- Founded: April 2002
- Dissolved: January 2010
- Merger of: Social Democracy (SD) Social Democratic Union (SDU)
- Ideology: Social democracy; Pro-Europeanism;
- Political position: Center-left

= Social Democratic Party (Serbia, 2002) =

Former centre-left political party in Serbia

The Social Democratic Party (SDP; Социјалдемократска партија; СДП) was a social democratic political party in Serbia.

==History==
The SDP was founded in April 2002 as a merger between Social Democracy (SD) and the Social Democratic Union (SDU). In the same year, the SDP joined the DOS governing coalition. A year later the SDP withdrew its support of the government resulting in its fall and an early election. Inner-party disagreements resulted in a split in the SDP. A group of members, led by Žarko Korać, left the SDP and re-founded the SDU in 2003.

In the 2003 parliamentary election, the SDP ran in a coalition with the G17 Plus, which received 11.46% of the popular vote and 34 seats, 3 of which went to the SDP. Slobodan Lalović became the Minister of Labour, Employment and Social Policy in the minority government of Vojislav Koštunica.
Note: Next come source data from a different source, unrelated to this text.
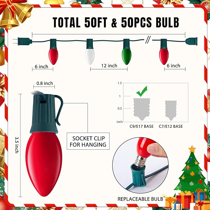 - 50 FT Vintage Outdoor Christmas Lights: 50 feet length with 50 +2 C9 bulbs (2 spare), E17 base light sockets.Red Green and White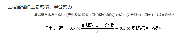 工程管理專業考生總評成績=初試成績(外語+管理類綜合)÷3×0.7+復試成績×0.3。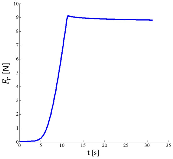 The force has been applied by setting two parameters. The first one is the load speed, set to 2 mm∙min−1. The second one is the maximum value of the force to be applied by the Instron during the experiment. Force values from 1 N to 9 N in order to assess the sensor response in the whole range of interest. At the end of each experiment, the load applied on the sensor has been acquired for 10 s during the plateau (with reference to Figure 3, the force has been considered in the interval from 15 s to 25 s) to record the steady-state response of the sensor. Figure 3 shows a typical trend of the applied force with a maximum value of 9 N. For each value, three acquisitions were made under repeatability conditions [31]. The low number of trials has been taken into account for computing the coverage factor to estimate the expended uncertainty: the lower the number of trials the bigger the coverage factor [31]. Indeed, a t-student distribution with 2 degrees of freedom (number of trials −1) has been used. In Figure 3, the depth of the curve represents the mean value ± the standard deviation of the force recorded during the three trials. Due to the high repeatability in the measure, the standard deviation value is low (i.e., the maximum calculated value is about 0.07 N).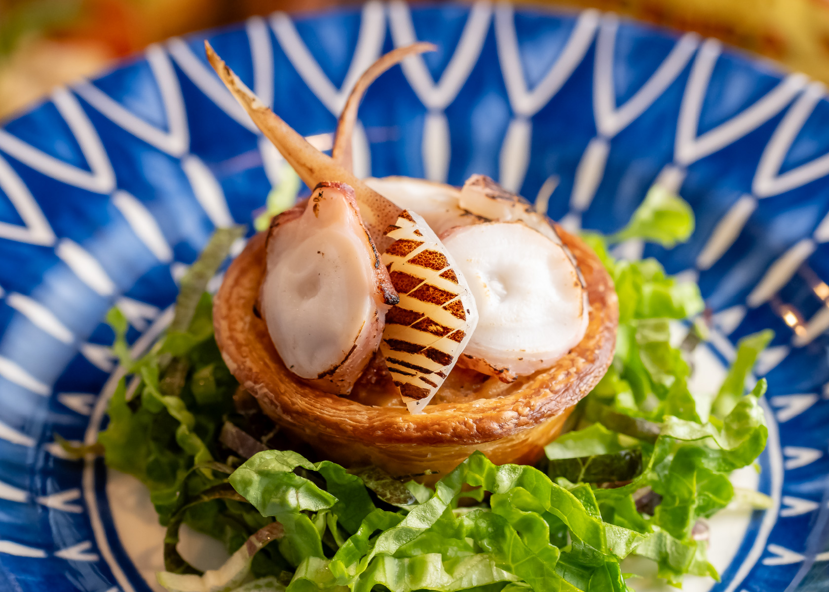ポルトガルのお菓子「パステル・デ・ナタ」の折りパイ生地を使用し、八戸魚介とともに焼き上げ、パリッとした食感の温かい前菜に仕立てました。

In August 2005 the SDP refused to support the proposed pension and oil industry laws. As a result two of its deputies stopped supporting the government. Ljilja Nestorović and Meho Omerović went into opposition, while the third, Slobodan Lalović kept his post, subsequently withdrawing from the party and becoming an independent deputy.

In 2004, the Democratic Alternative (DA), led by Nebojša Čović, merged into the SDP and assumed leadership over the party.

The SDP competed in the 2007 parliamentary election together with the Party of United Pensioners of Serbia (PUPS). The PUPS-SDP coalition also included the Socialist People's Party. The coalition received 3.11% of the popular vote, thus failing to pass the 5% minimum threshold to enter parliament.

The SDP ceased to exist in January 2010, which resulted in the bitter words between former party leadership members Nebojša Čović and Oliver Ivanović.